# Grilled peaches or nectarines/spicy chocolate sauce



## kadesma (Jun 23, 2012)

Cut your fruit a combination of 10 nectarines and peaches and grill for about 3 min skin side down, squeeze lemon or lime juice over fruit, turn them over ad grill til tender about 3 min more. Place them on platter sprinkle with sugar and serve with lemon or lime wedges, For a special treat serve with spicy chocolate sauce. combine 4 oz of bittersweet chocolate chopped and 2 tab. 1/2 & 1/2  in a double boiler.

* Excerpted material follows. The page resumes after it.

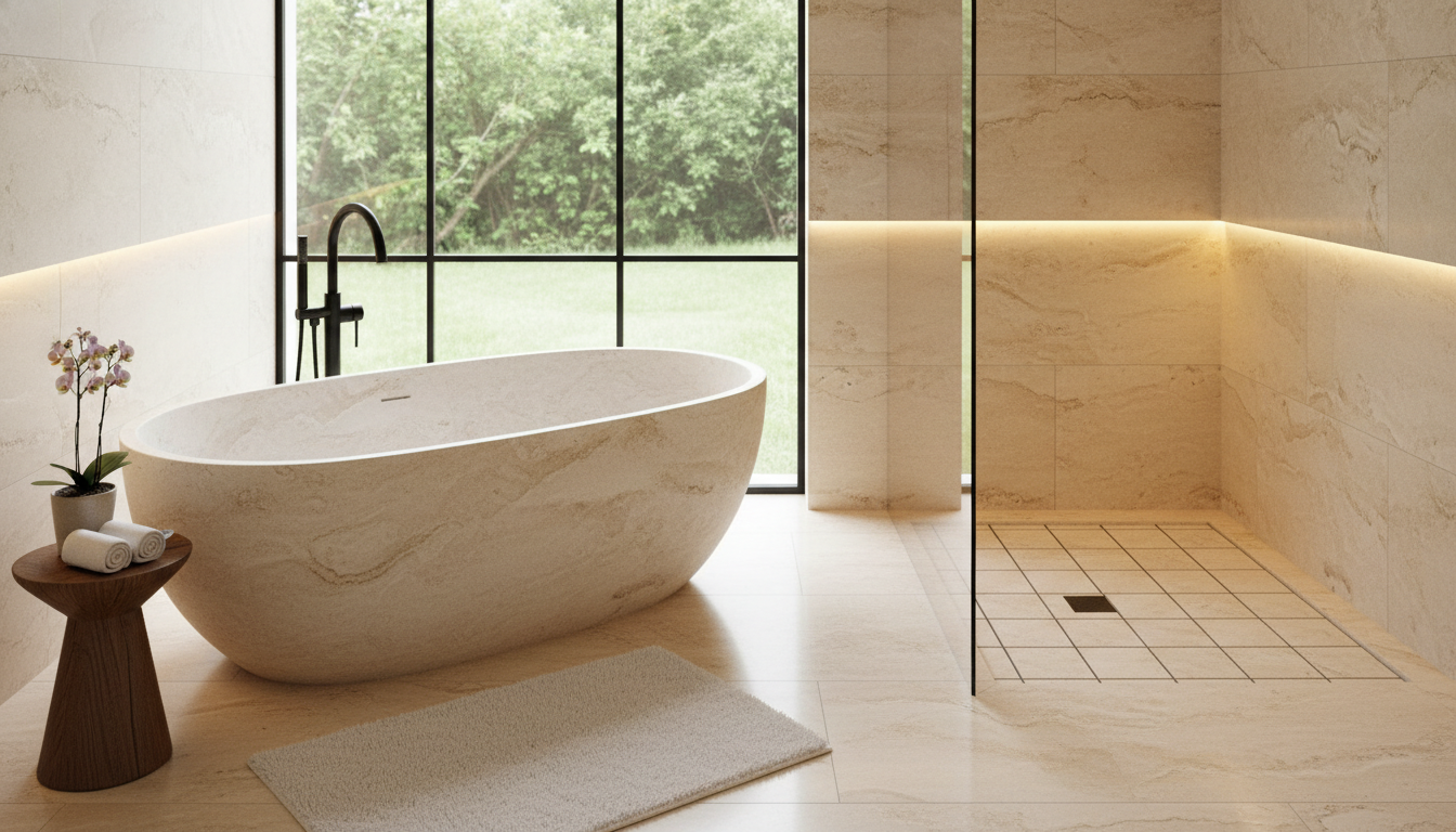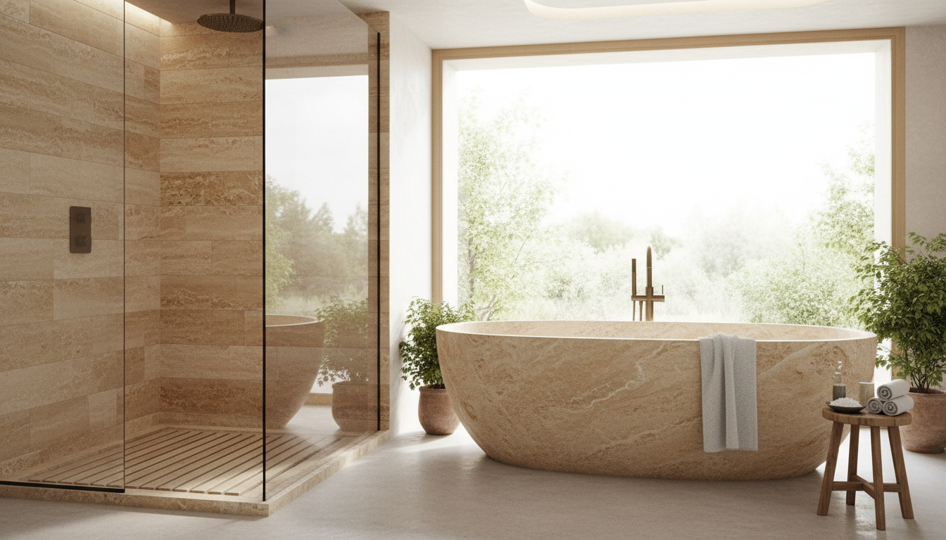 Eine Badewanne aus massivem Travertin ist ein zeitloses Stück, das Natur, Wärme, Schönheit und Eleganz in Ihr Zuhause bringt. Um diese Art von einzigartiger Badewanne zu erhalten, bieten wir bei Steinja fast ausschließlich Handarbeit an, um außergewöhnliche Oberflächen zu erzielen. Die Duschwannen aus Travertin sind sowohl ein stilvoller als auch ein wesentlicher Bestandteil Ihres Duschraums und spielen eine wichtige Rolle beim Ableiten von Abwasser und beim Schutz Ihres Badezimmerbodens.
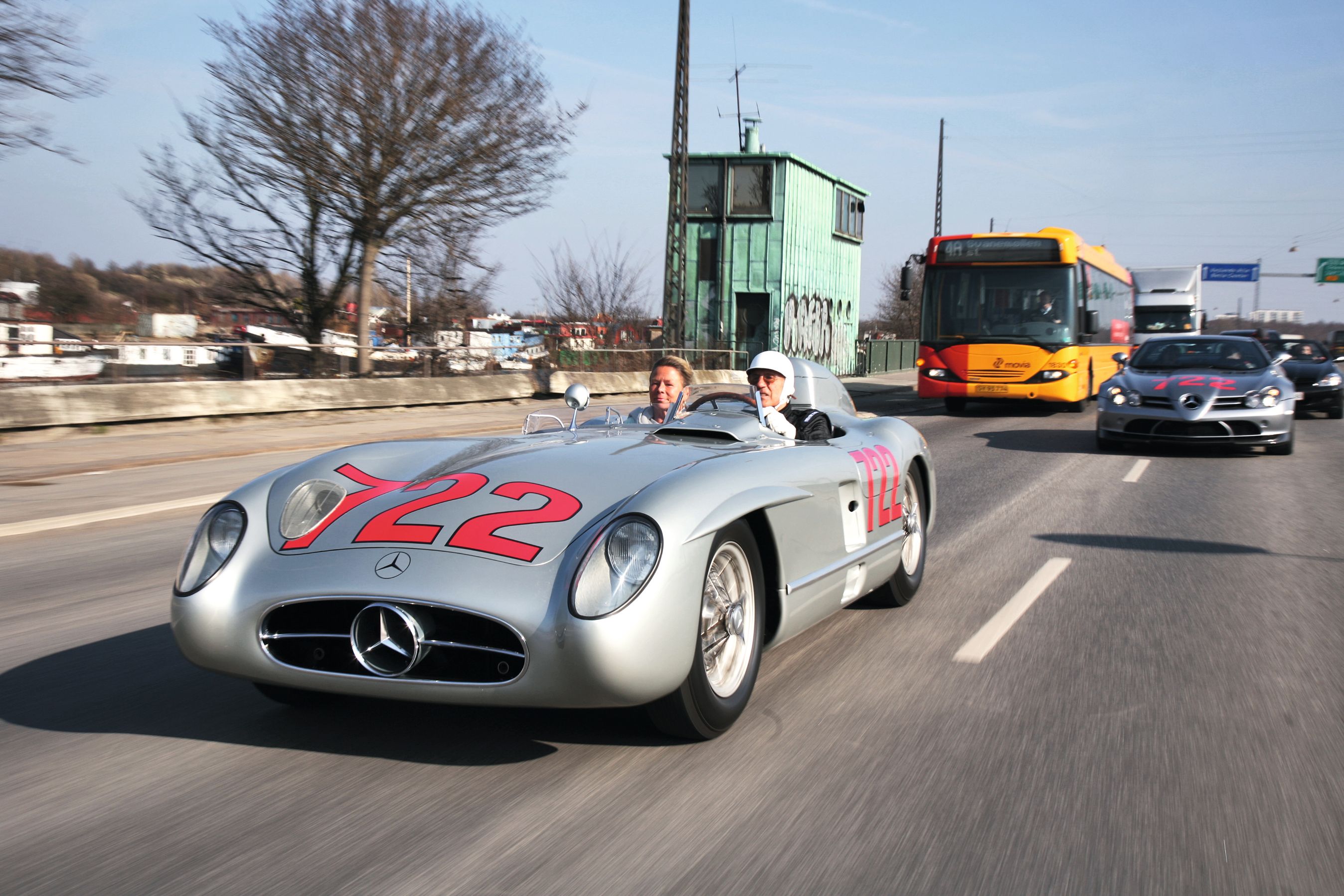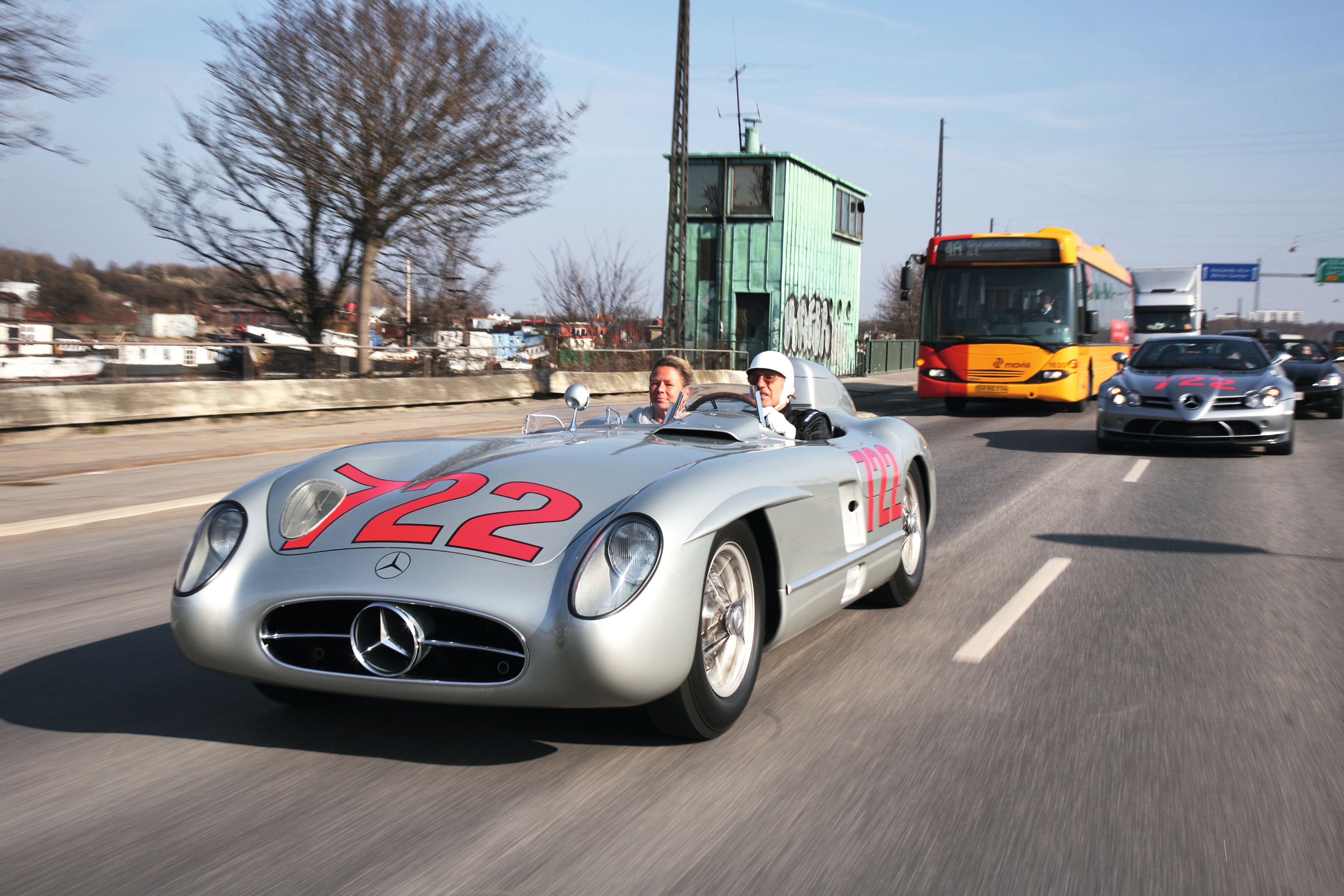 En af de kun ni overlevende Mercedes 300 SLR-racere fra 1955 er altid et sjældent syn – og nærmest unikt i Københavns gader med selveste Stirling Moss ved roret. Historien bag kan du finde i MotorClassic nr. 5.

Set over hot water ( not boiling) for 2 min. stirring til smooth Remove from heat add 1/4 vanilla  and cayenne pepper to taste If sauce is too thick, stir in 1-2 tab. of 1/2 &1/2 warmed drizzle over the peaches or nectarines 
enjoy
kades


----------



## Hoot (Jun 23, 2012)

That sounds great!
I love grilled fruit, especially peaches. We serve grilled fruit with cayenne vanilla ice cream.
I will have to try that chocolate sauce!
Thanks!


----------



## kadesma (Jun 23, 2012)

Hoot said:


> That sounds great!
> I love grilled fruit, especially peaches. We serve grilled fruit with cayenne vanilla ice cream.
> I will have to try that chocolate sauce!
> Thanks!


You're welcome. Enjoy
kades


----------